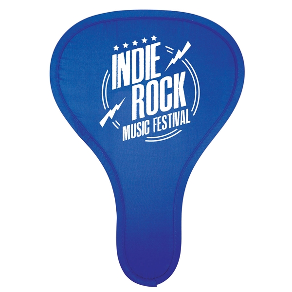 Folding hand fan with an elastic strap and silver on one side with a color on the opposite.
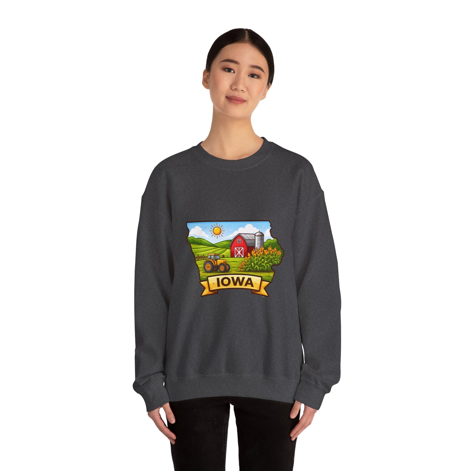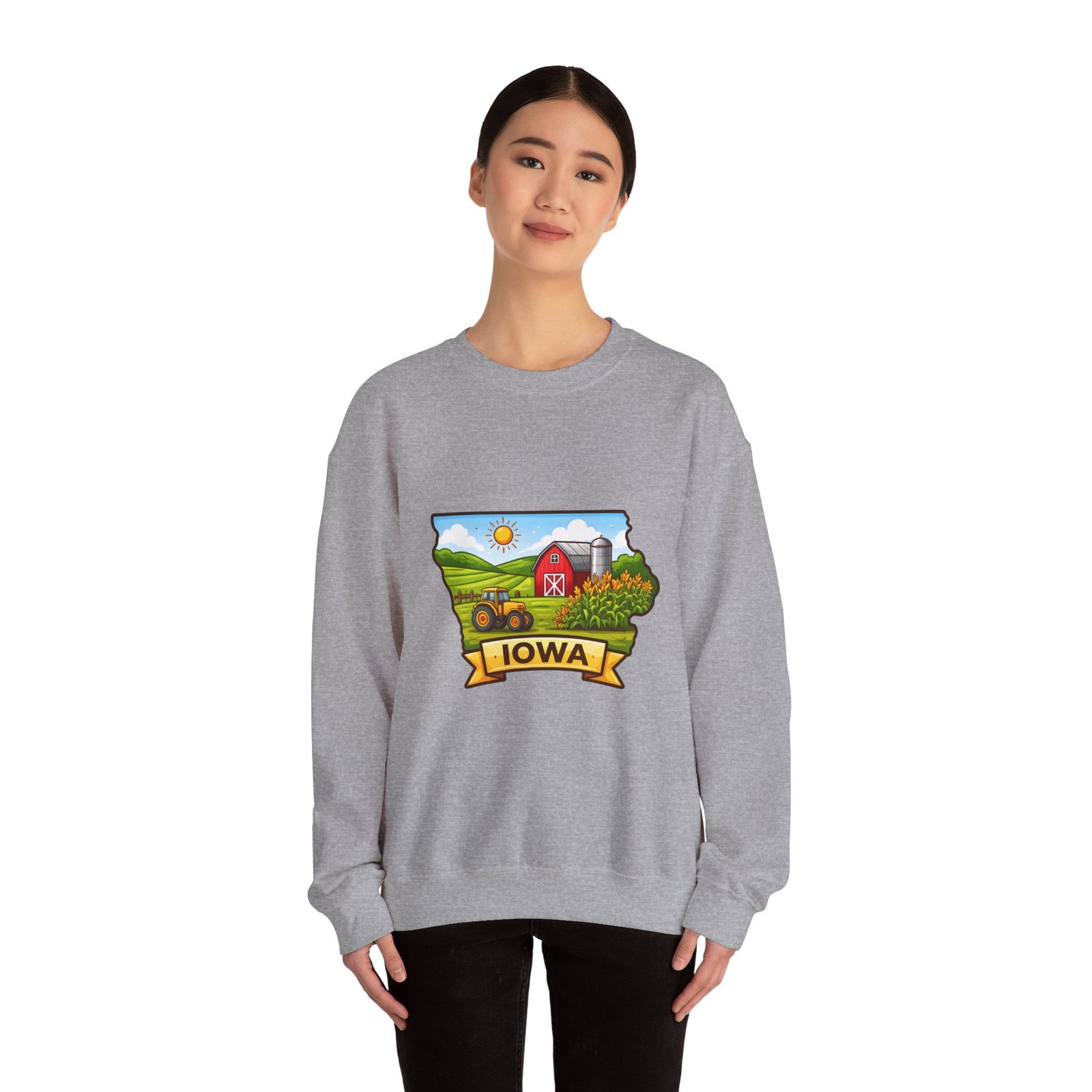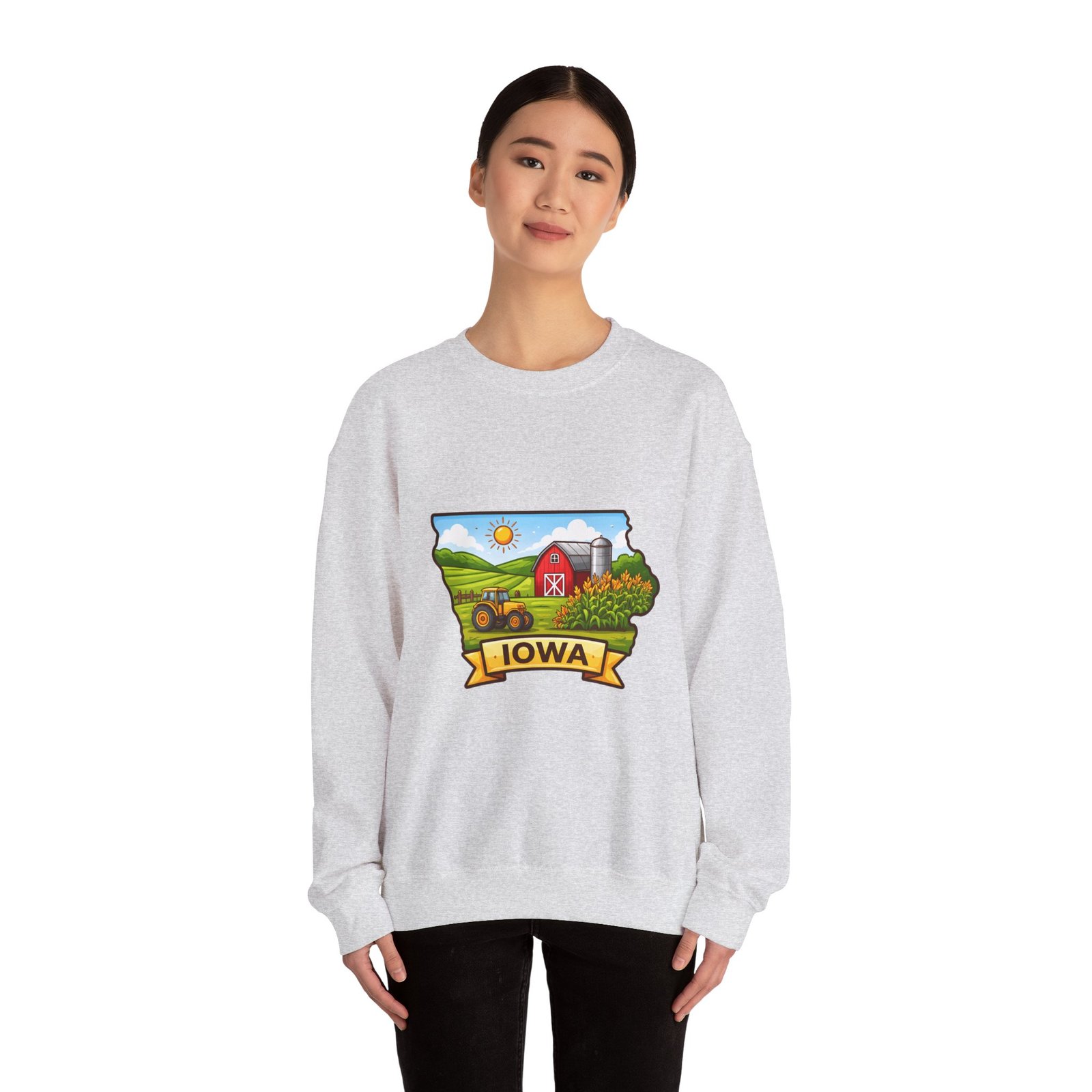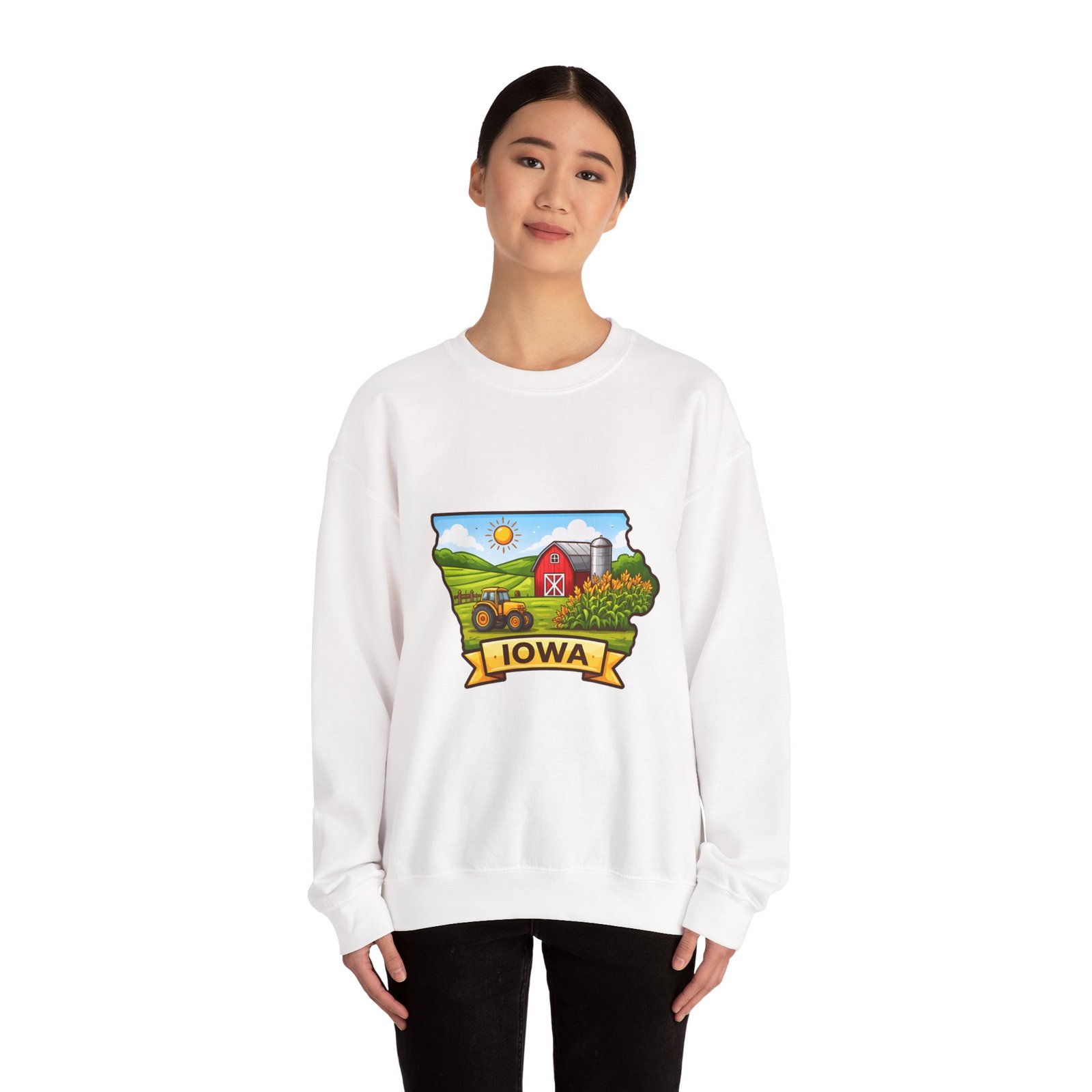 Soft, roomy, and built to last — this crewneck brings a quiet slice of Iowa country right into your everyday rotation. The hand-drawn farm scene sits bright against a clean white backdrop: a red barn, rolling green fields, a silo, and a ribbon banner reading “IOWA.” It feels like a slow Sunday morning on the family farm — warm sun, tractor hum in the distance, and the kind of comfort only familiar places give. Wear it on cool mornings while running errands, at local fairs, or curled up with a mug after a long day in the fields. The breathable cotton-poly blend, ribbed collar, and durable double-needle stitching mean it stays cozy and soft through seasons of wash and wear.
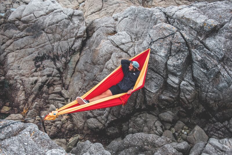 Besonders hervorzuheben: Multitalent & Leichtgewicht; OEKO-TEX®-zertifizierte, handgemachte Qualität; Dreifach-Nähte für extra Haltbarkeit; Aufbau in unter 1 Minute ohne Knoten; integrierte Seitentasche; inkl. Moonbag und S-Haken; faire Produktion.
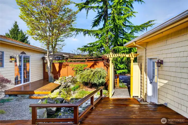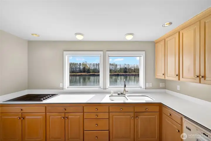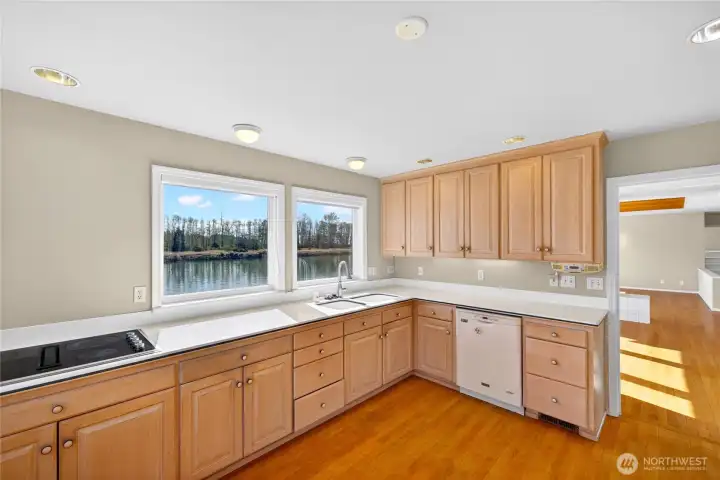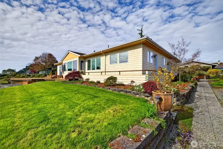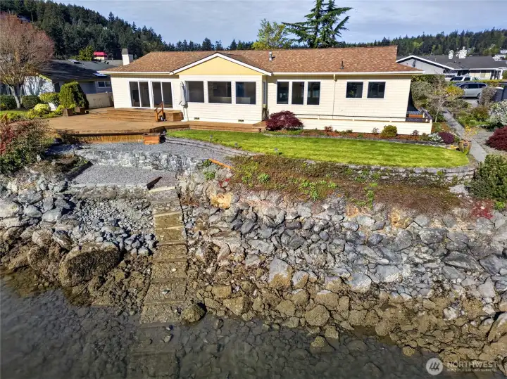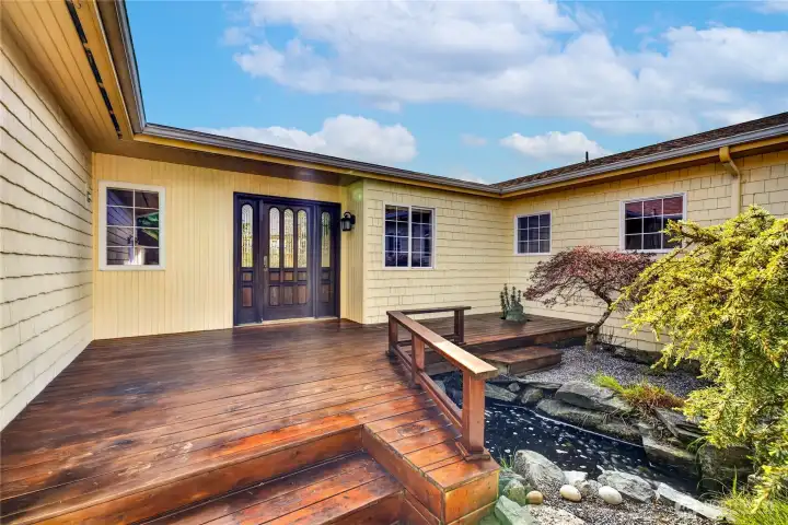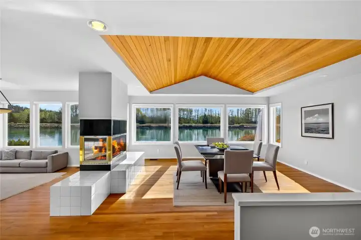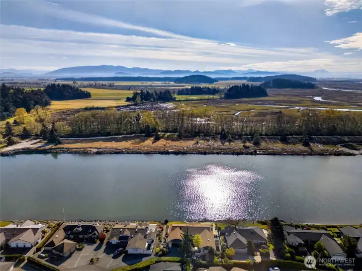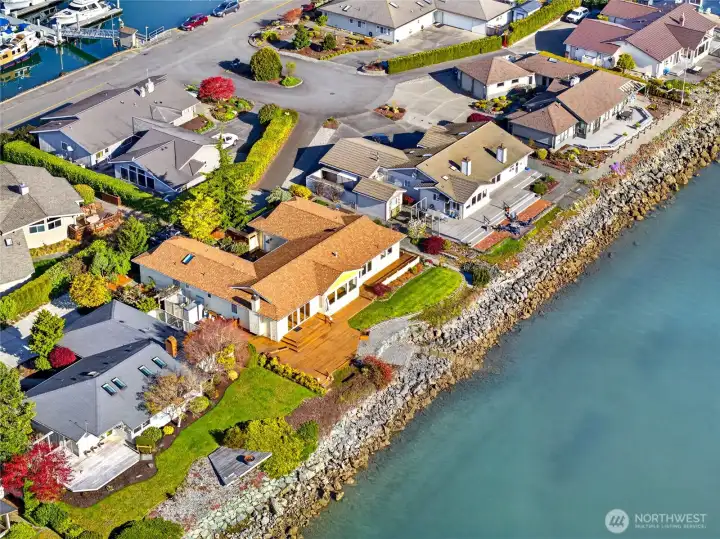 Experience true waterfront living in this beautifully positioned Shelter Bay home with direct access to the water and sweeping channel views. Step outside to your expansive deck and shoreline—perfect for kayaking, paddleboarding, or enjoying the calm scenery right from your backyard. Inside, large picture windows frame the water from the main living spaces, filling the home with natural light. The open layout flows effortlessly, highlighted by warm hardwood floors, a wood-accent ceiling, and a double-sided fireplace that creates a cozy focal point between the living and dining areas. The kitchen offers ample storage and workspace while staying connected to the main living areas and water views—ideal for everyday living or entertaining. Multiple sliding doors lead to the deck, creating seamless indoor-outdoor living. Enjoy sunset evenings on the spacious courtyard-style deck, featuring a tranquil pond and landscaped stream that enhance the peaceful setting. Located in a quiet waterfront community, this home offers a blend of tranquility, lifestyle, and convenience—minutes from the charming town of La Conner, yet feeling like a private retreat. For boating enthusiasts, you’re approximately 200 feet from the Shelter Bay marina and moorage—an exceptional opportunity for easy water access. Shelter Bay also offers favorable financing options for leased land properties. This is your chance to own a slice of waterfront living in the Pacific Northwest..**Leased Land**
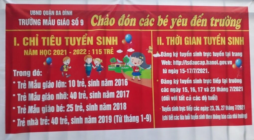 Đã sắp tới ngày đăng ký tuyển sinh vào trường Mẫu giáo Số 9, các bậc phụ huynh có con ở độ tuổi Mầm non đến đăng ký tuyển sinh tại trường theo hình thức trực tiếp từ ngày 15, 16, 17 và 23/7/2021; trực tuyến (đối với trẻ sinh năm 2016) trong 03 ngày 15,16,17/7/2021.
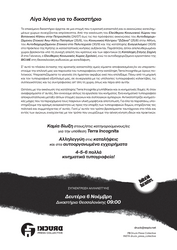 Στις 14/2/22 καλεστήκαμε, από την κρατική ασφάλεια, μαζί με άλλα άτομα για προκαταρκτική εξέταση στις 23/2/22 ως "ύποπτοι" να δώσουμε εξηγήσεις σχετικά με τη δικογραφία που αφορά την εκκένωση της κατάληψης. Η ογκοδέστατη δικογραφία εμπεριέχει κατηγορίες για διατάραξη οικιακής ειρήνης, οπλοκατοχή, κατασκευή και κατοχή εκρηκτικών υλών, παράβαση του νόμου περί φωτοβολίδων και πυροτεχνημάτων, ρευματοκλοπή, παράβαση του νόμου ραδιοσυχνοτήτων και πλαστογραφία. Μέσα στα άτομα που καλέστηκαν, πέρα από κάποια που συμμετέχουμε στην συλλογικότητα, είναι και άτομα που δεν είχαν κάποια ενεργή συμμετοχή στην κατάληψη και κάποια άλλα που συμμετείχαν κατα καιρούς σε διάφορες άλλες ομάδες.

What you should do — Your task is to repeat exactly the lines from the beginning of the data to the line that contains "Besonders hervorzuheben: Multitalent", both ends included, leaving out pictures.

Expected answer —
 Folding hand fan with an elastic strap and silver on one side with a color on the opposite.
 Soft, roomy, and built to last — this crewneck brings a quiet slice of Iowa country right into your everyday rotation. The hand-drawn farm scene sits bright against a clean white backdrop: a red barn, rolling green fields, a silo, and a ribbon banner reading “IOWA.” It feels like a slow Sunday morning on the family farm — warm sun, tractor hum in the distance, and the kind of comfort only familiar places give. Wear it on cool mornings while running errands, at local fairs, or curled up with a mug after a long day in the fields. The breathable cotton-poly blend, ribbed collar, and durable double-needle stitching mean it stays cozy and soft through seasons of wash and wear.
 Besonders hervorzuheben: Multitalent & Leichtgewicht; OEKO-TEX®-zertifizierte, handgemachte Qualität; Dreifach-Nähte für extra Haltbarkeit; Aufbau in unter 1 Minute ohne Knoten; integrierte Seitentasche; inkl. Moonbag und S-Haken; faire Produktion.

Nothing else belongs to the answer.